Entries follow. Give back exactly the lines starting at the one containing "من فعاليات حفل التأبين" and ending at the one containing "وأنه بدور الفقيد", and no other lines.

## PROVIDED DATA
-=-=-=-=-

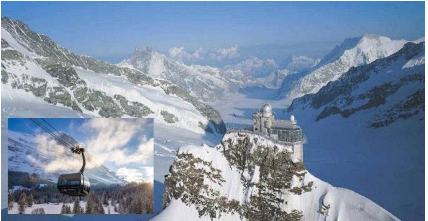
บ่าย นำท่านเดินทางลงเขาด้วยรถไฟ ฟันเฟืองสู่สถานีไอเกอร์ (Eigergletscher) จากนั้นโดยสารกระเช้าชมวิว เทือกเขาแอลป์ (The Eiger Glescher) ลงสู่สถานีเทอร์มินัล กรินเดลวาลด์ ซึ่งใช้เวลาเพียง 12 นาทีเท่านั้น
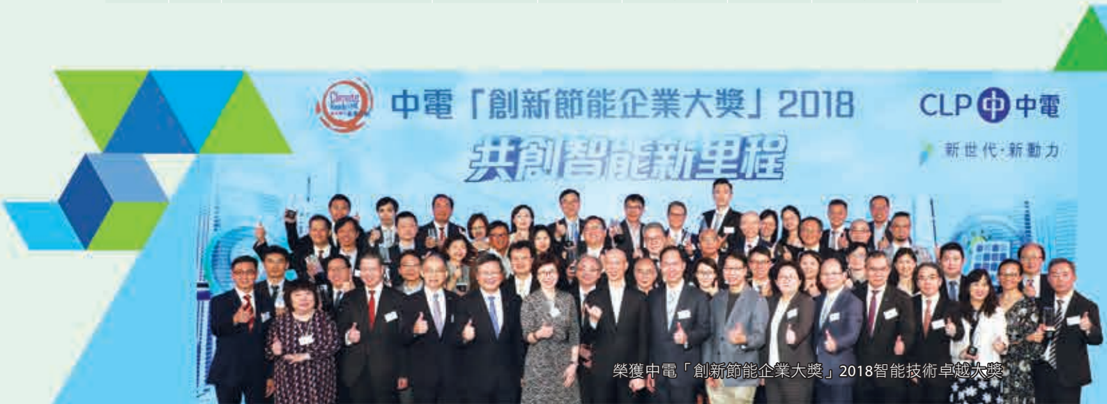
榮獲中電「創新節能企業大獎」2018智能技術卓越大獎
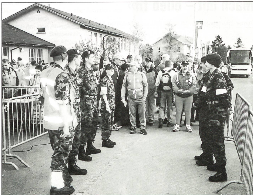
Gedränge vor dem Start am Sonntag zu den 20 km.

-=-=-=-=-

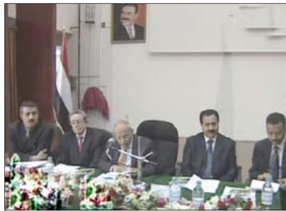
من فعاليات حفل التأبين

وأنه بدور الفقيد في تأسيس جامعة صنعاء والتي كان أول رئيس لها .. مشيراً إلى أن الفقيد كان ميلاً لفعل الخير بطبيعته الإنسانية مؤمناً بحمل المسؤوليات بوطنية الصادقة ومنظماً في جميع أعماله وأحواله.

-=-=-=-=-

## WRITTEN RESPONSE
من فعاليات حفل التأبين

وأنه بدور الفقيد في تأسيس جامعة صنعاء والتي كان أول رئيس لها .. مشيراً إلى أن الفقيد كان ميلاً لفعل الخير بطبيعته الإنسانية مؤمناً بحمل المسؤوليات بوطنية الصادقة ومنظماً في جميع أعماله وأحواله.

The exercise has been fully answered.